Martyn Lloyd Jones 90x115by Martyn Lloyd Jones

The Apostle [Paul] is concerned about the ‘development’ of that which is already in existence, rather than about arriving at something which is hitherto non-existent … Perhaps the clearest statement of the point is … in Philippians 3:10, where he says that his greatest desire is ‘that I may know him’. Does he mean by that, that he did not know Him at all, and that he is longing to have a knowledge of Christ? Of course not. What he is saying is this: ‘I do know Him, but I want to know Him much more, I want to have a deeper knowledge.’ He longs for an ‘increase’ and for the perfecting of the knowledge he already has.

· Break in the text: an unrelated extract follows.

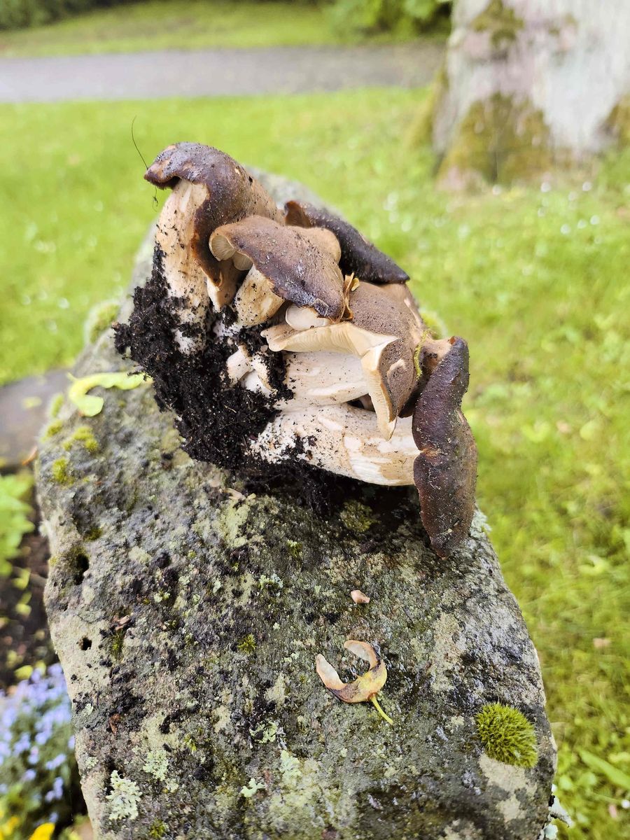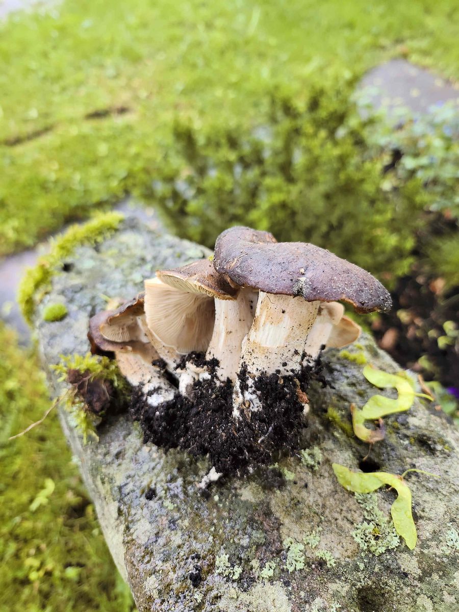Der Friedhof selbst besitzt keine alten Bäume. Ich konnte dort allerdings Champignons finden, leider alle völlig madig. Dazu auf einer frisch mit diversen org. Material aufgeschütteten, ehemaligen Grabstelle, den Büscheliger Rasling, Lyophyllum decastes, finden. Leider waren die FK schon zu alt und man roch es deutlich; schade.Denn das ist einer meiner Lieblingsspeisepilze.
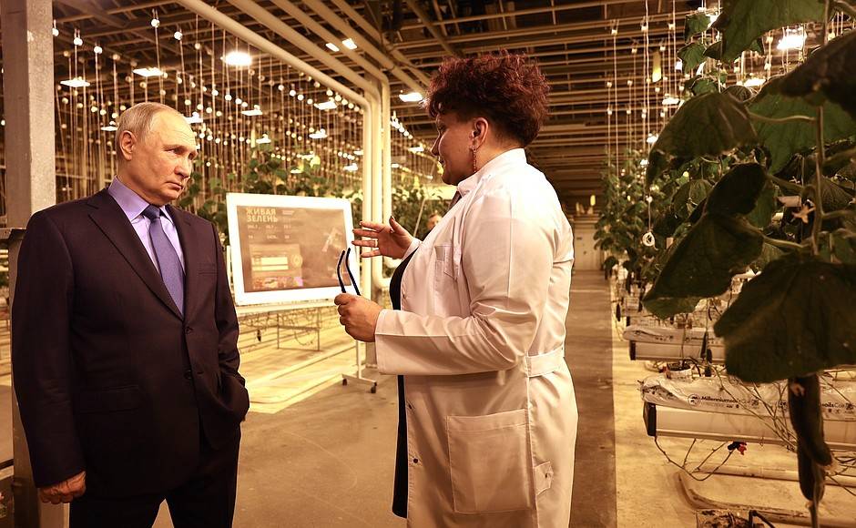 Экскурсию по тепличному комплексу семьи Макатровых провела для Президента России индивидуальный предприниматель Наталья Макатрова.

To put the matter finally beyond dispute we may turn to the paradoxical statement of Philippians 3:12-15. Paul begins, ‘Not as though I had already attained, either were already perfect’; and then continues, ‘Let us therefore, as many as be perfect, be thus minded’ (v15) … There is no real contradiction, of course. What he means is that all true Christians already have the knowledge essential to salvation and are perfect in that sense … So he says, ‘Let us therefore, as many as be perfect, be thus minded’. Then he goes on to say, ‘If in any thing ye be otherwise minded, God shall reveal even this unto you’. There are still aspects of the faith and of the truth which we do not yet know; they will be revealed to us. As regards the faith we have, and our present position on the foundation, Christ Jesus, there is a sense, therefore, in which we are already perfect. But we must also go on to perfection. We have not arrived, have not ‘already attained’ (v12). We are now growing in this knowledge that we have. We are now coming into it. It is because we are in it already that we can grow and develop in and through it.